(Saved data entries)
★ ★ ★
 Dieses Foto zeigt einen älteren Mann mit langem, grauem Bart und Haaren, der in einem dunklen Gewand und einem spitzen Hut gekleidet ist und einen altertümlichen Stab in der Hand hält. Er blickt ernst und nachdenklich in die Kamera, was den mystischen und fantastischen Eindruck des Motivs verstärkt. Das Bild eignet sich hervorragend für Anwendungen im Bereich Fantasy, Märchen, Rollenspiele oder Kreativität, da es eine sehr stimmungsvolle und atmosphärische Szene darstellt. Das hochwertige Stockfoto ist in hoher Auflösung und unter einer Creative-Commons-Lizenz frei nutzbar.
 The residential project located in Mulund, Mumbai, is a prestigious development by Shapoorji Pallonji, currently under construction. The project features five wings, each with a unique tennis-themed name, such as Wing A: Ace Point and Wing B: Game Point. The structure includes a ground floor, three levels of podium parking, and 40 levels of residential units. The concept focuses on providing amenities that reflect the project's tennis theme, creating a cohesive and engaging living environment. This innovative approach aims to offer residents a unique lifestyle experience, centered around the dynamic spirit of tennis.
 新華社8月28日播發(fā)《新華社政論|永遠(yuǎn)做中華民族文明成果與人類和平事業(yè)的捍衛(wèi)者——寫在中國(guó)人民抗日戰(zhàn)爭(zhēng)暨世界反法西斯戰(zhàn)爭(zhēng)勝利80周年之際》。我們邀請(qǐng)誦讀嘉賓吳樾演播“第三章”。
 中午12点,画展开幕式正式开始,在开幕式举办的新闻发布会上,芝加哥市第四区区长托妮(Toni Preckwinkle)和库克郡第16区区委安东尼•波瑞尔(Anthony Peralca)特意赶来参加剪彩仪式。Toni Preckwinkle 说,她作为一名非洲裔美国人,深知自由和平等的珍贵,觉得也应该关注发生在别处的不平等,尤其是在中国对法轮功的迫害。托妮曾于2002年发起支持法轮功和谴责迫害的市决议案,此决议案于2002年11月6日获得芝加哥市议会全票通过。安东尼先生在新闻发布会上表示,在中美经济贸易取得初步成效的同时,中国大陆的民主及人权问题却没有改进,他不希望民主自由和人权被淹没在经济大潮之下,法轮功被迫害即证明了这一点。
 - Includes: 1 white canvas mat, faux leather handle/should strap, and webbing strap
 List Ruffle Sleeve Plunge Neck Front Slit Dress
★ ★ ★
* **Goal of the exercise**
What you return must match, line for line, the data from the line containing "- Includes: 1" to its end, both ends included.

* **Response to the task**
 - Includes: 1 white canvas mat, faux leather handle/should strap, and webbing strap
 List Ruffle Sleeve Plunge Neck Front Slit Dress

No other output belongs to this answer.